It doesn't have to be that bad. The next time you wish your hair done, drive over to Knoxville, TN and go to Venus Salon. Ask for Shannon the Hair Goddess, explain what you would like done - you'll look so good afterward, that you and your hair will find religion.


----------



## Angcuru (Feb 21, 2005)

jeff37923 said:
			
		

> Shannon the Hair Goddess, explain what you would like done - you'll look so good afterward, that you and your hair will find religion.



This is just screaming to be statted out.


----------



## ph34r (Feb 21, 2005)

Angcuru said:
			
		

> This is just screaming to be statted out.




Eh, I'm feeling lazy right now...someone else can do it..


----------



## Altamont Ravenard (Feb 21, 2005)

Strange coincidence, a woman at work went to get her hair done, but it wasn't the same stylist/hairdresser, and the hairdresser didn't do what she wanted. She went back home, cried a lot, hated her new hair. The next day, she didn't feel all that bad, we told her that it looked good (and it did. It wasn't what she asked for, it was different from her usual style, but it was well executed), and, although she won't be getting her hair cut by that particular hairdresser, after a couple of days, she got used to it.

AR


----------



## IronWolf (Feb 21, 2005)

I checked with my wife this evening just out of curiosity to see what her thoughts were.  She said if it happened to her she wouldn't really expect her money back but she would expect them to fix the highlights and at least make the shorter hairstyle look good.  This of course on the house.


----------



## jeff37923 (Feb 21, 2005)

Angcuru said:
			
		

> This is just screaming to be statted out.
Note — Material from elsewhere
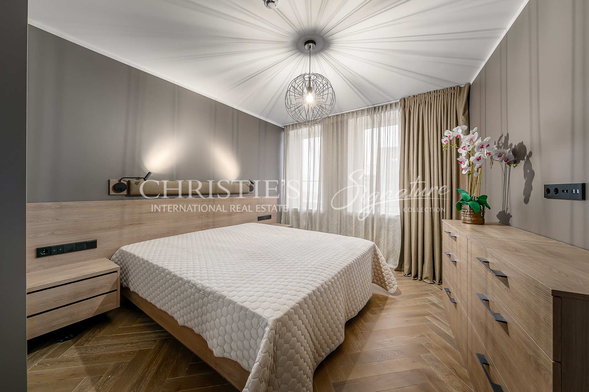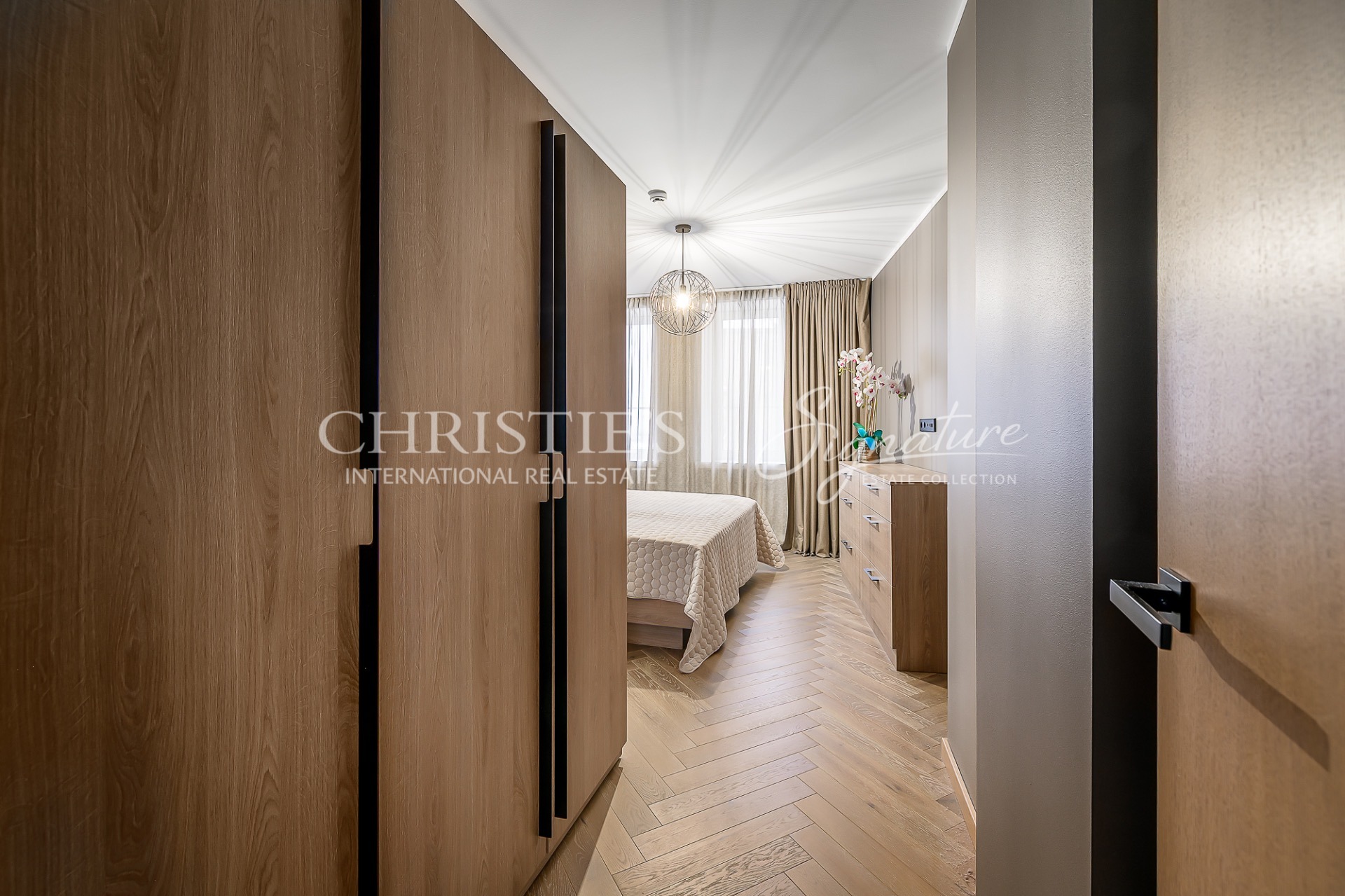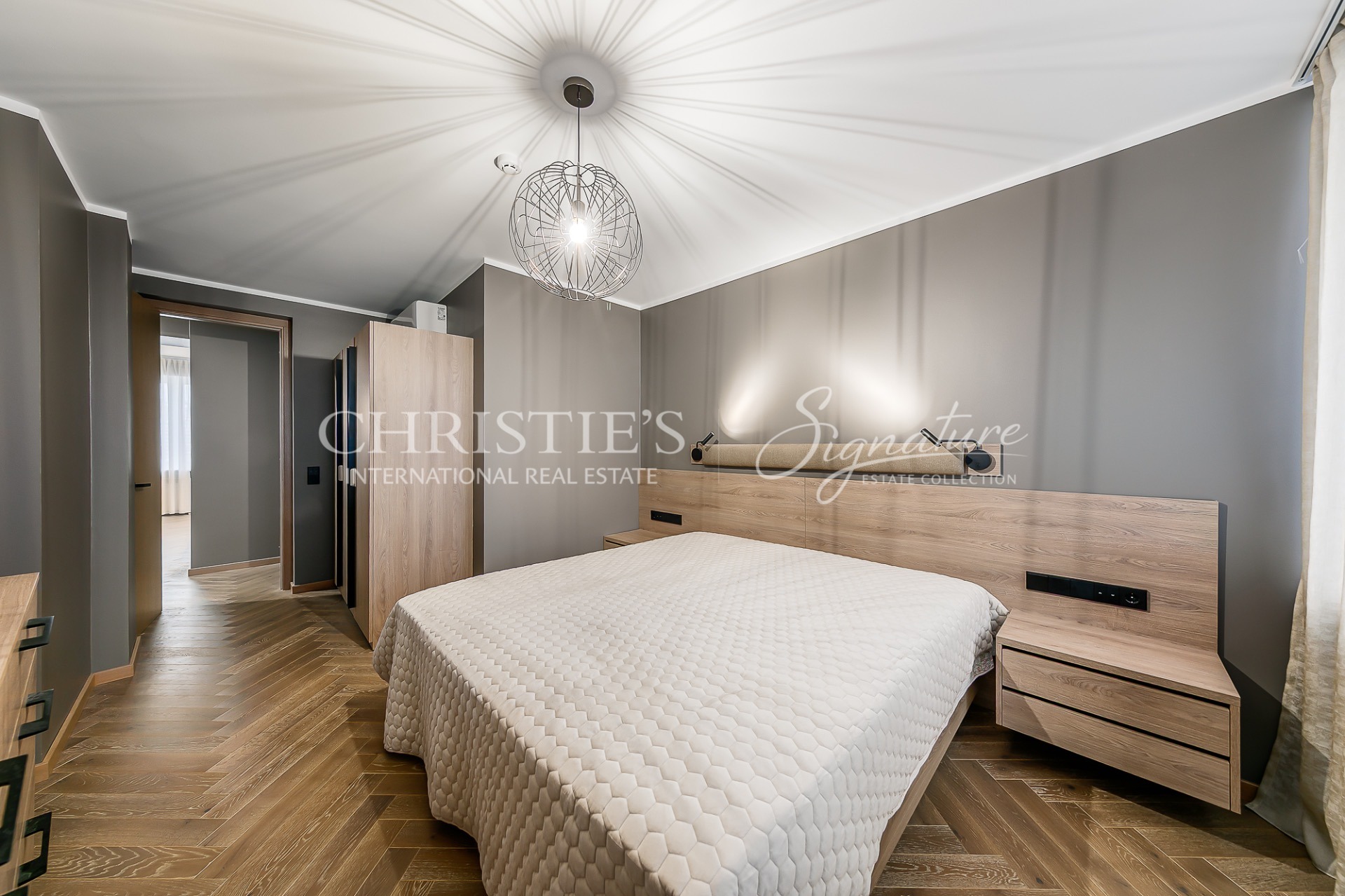 In the bedroom there is a large wardrobe with lights, a bed, bedside tables. The bedroom is fitted with electric blackout curtains, which can be closed and opened without getting out of bed.

I'll see if Shannon is cool with it and do so if she is.
Shannon is real and calls herself a Hair Goddess instead of a hairdresser, so I'd have to get permission. Although she'd probably be up for it. We'll see.


----------



## Teflon Billy (Feb 21, 2005)

Rel said:
			
		

> "Hi, I was in yesterday for a haircut and I'm REALLY not happy with the results.  I thought I explained pretty clearly what I wanted and what I told the stylist is NOT what I got.  Now it's not like you chopped off my earlobe or anything.  It'll grow back.  But I wanted to give you the opportunity to do something to compensate me for the shoddy job the stylist did.  If you refund my money or offer to fix the highlights then you still probably won't have me as a future customer.  But I won't be telling anybody who will listen about how terrible your salon is like I am thinking I'll do right now.  What do you say?"




My response would be as follows...

[bq]"Ha! Cute. Everyone thinks they are so hardcore. 

Okay, here's how it is Dona Corleone: your hair is not terrible enough by along shot to pull of what you are describing.. 

I'll grant that it might not be what you were expecting, But if you are going to do enough legwork to actually impact my salon's business in any way, you are going to be putting in some serious hours trying to convince people that you are wering a disaster-- and given that your haircut is simply too short, and not completely screwed up technically--you will look like a melodramatic crybaby to your intended audience. 

What I am saying is that getting enough people to understand that your "slightly too short" hairdo is, in fact, a crushing blow to your self-worth is going to take _time_

Time that would normally be spent interacting in other ways: Discussing subjects of mutual interest, work, family or any number of things. What I'm saying is that you will become "the chick who can't shut up about her hair" rather than "Queen Dopplepopolis"

Plus, you would need to convince more than 50 of my clients to leave the roster to make a dent even close to the natural fluctuation that this industry experiences regularly. Do you know 50 of my clients?  Your absolute best-case-scenario is you slow the growth of my business _infinitesimally_...so infinitesimally that I will likely not realize what's happened and just chalk it up to a slow month.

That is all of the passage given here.